### [Given information]
|---|

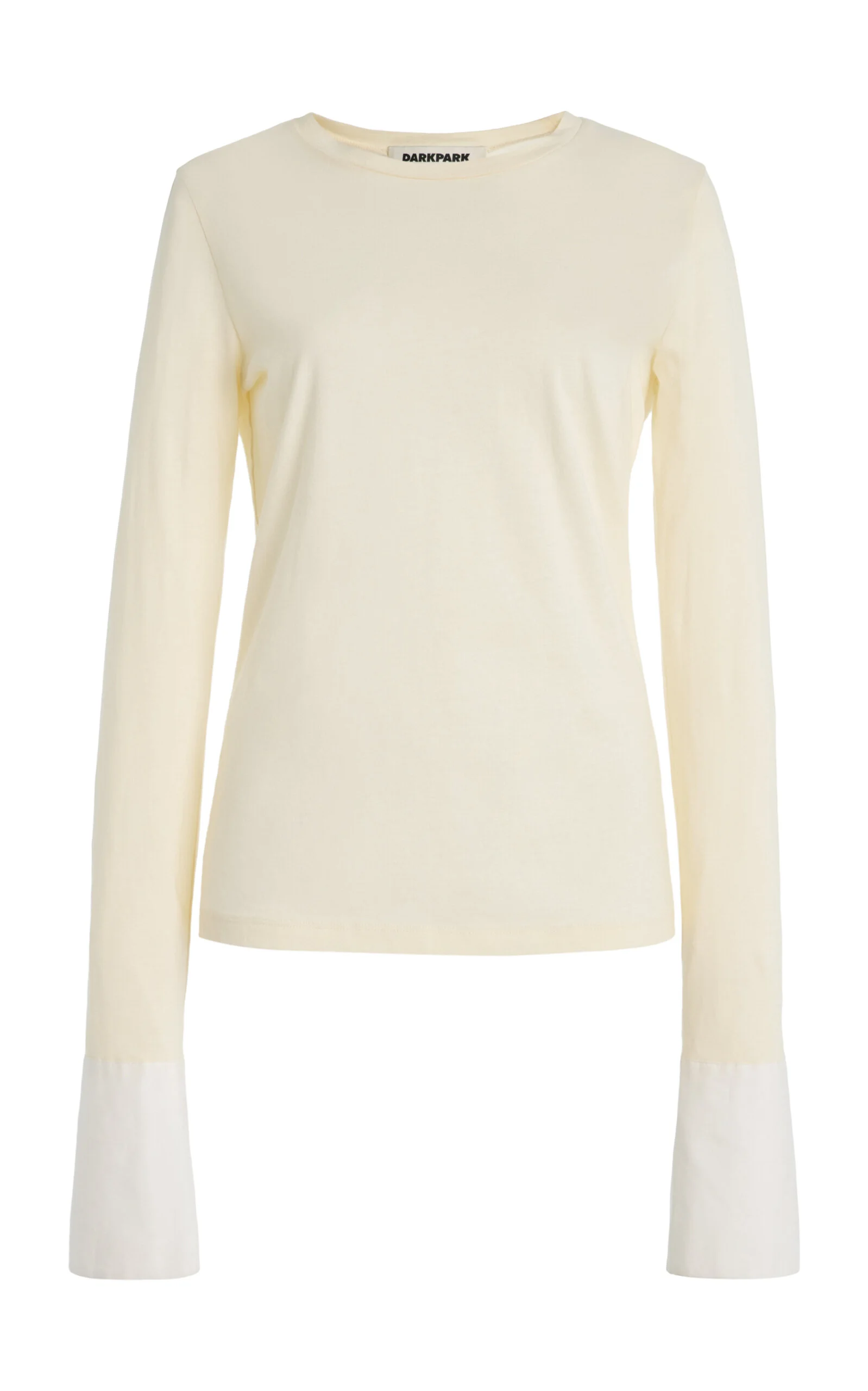 Founded in 2021 by Inna Gerchikov, DARKPARK is inspired by her desire to find bottoms that fit her personal style. Today, it’s the go-to destination for pants and denim embracing experimental washes, quirky treatments, and unconventional designs presented through roomy, wide-legged silhouettes. 'Nora' is a crewneck tee made from stretchy jersey with shirting cuffs. PRODUCT DETAILS - Fall '25 - Slip on - Composition: 100% cotton - Machine wash - Made in Italy SIZE & FIT - Our model is wearing a size Small - Model is 5'10" with a 30" bust, 24" waist, and 34" hip
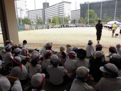 100m走の準備ができると,「あーか!」「きいろー!」「あおがんばれ!!」
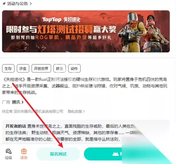 3、还需要绑定手机号,最后再点击一次“报名测试”即可跳转至调查问卷,填写完成即可。 taptap申请 灯塔测试问卷地址:点击前往 taptap入口:点击前往 申请步骤: 1、点击上面这个链接跳转至taptap失控进化游戏界面。 2、接着点击下方的“报名测试”,填写问卷即可完成。

|---|

### [Problem to solve]
Copy the data word for word and omit every picture.

### [Reply]
 Founded in 2021 by Inna Gerchikov, DARKPARK is inspired by her desire to find bottoms that fit her personal style. Today, it’s the go-to destination for pants and denim embracing experimental washes, quirky treatments, and unconventional designs presented through roomy, wide-legged silhouettes. 'Nora' is a crewneck tee made from stretchy jersey with shirting cuffs. PRODUCT DETAILS - Fall '25 - Slip on - Composition: 100% cotton - Machine wash - Made in Italy SIZE & FIT - Our model is wearing a size Small - Model is 5'10" with a 30" bust, 24" waist, and 34" hip
 100m走の準備ができると,「あーか!」「きいろー!」「あおがんばれ!!」
 3、还需要绑定手机号,最后再点击一次“报名测试”即可跳转至调查问卷,填写完成即可。 taptap申请 灯塔测试问卷地址:点击前往 taptap入口:点击前往 申请步骤: 1、点击上面这个链接跳转至taptap失控进化游戏界面。 2、接着点击下方的“报名测试”,填写问卷即可完成。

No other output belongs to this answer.